For whatever reason, information about the history of kyanite is quite sparse and hard to locate. There is even some conflicting info in regards to the stone’s original discovery, and whether it was in Nepal or in Switzerland.
What is known is that despite its inclusions and the fact that most kyanite is unsuitable for faceting, it has been used as a substitute for sapphire many times over the past couple decades. As sapphire is typically more expensive, this is something to look out for if you are shopping for sapphire.
Kyanite is seen as a grounding gemstone which is particularly prized among practitioners of the metaphysical arts. It is associated with the throat chakra and self-expression because of its deep blue color, but it is considered to have a balancing effect on all of the chakras.
Interestingly enough, kyanite is also one of the few gemstones that do not need to be metaphysically cleansed on a regular basis to retain its clear energy.
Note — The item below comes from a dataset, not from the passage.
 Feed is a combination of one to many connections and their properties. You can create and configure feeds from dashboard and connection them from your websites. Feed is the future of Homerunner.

In fact, many practitioners keep it on hand to help them cleanse their other gemstones. This is why the gemstone is so highly sought after for metaphysical collections.
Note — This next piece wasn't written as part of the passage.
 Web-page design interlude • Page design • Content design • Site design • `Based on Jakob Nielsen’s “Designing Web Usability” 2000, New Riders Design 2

In general, kyanite is considered a soothing gemstone, one for easing tension and instilling tranquility. For balancing emotions and energies, there are few better crystals.
A stunning 3.03 carat blue kyanite gemstone. This stone shows why some kyanite can easily pass for sapphire to the untrained eye.
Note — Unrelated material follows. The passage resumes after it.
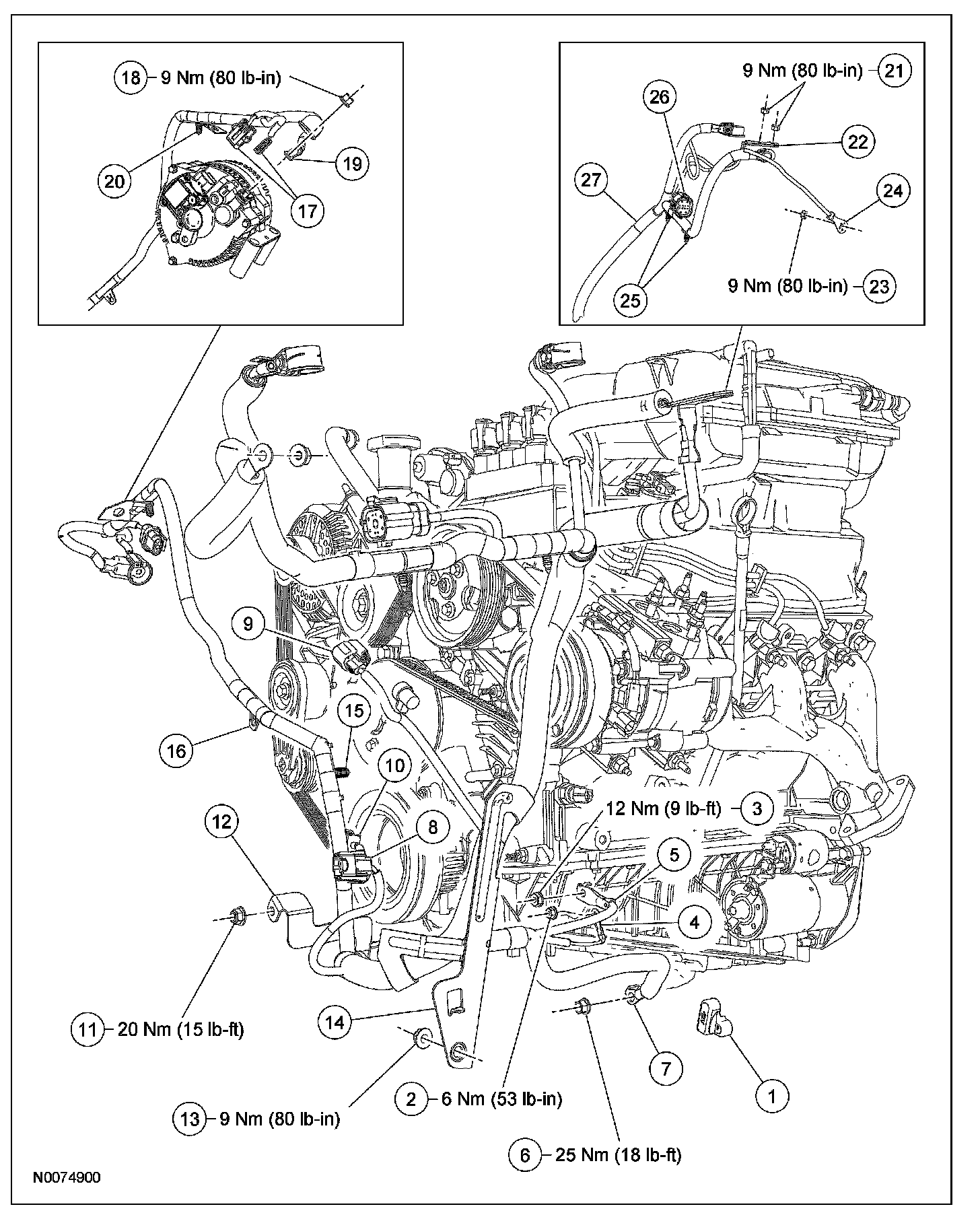 - To install, tighten to 25 Nm (18 lb-ft).

- Sapphire. Sapphire is much harder than kyanite, and it also tends to be much clearer. Kyanite’s inclusions are quite prominent. This hasn’t stopped jewelers from using kyanite as a substitute for sapphire, however. The two gemstones have such a similar deep blue tone that at a glance, they might occasionally be hard to tell apart. So if you are shopping for sapphire, make sure you are not sold a piece of less valuable kyanite at the same price.
The reason this list is so brief is because kyanite is so distinctive that you are unlikely to mistake a lot of other gemstones for it. Its inclusions, shape, texture, luster, and colors are unique.
This uniqueness together with its value to the mystical community has made it a favorite gemstone of collectors in recent years. While it has taken a long time for kyanite to get the attention it deserves, it is finally enjoying its time in the spotlight.
Some years back I wanted to get a nice kyanite ring (I’m a geologist and like mentioned above kyanite is an important mineral in that regard). I guess this was before the find in Nepal, because I never found anything that could be used as a center stone. Maybe I should give it another shot, are they still as cheap as the article says?
Yes, kyanite is still quite cheap at around $30-$40 per carat for a natural blue eye-clean to slightly included round cut. It might take a while to find eye-clean kyanite above 1 carat though, as for various reasons the amount of kyanite on the market is still fairly limited and most of the higher carat stones are moderately included or worse.
This is entirely unsuitable for a ring stone, and I wouldn’t really suggest using it for any form of jewelry.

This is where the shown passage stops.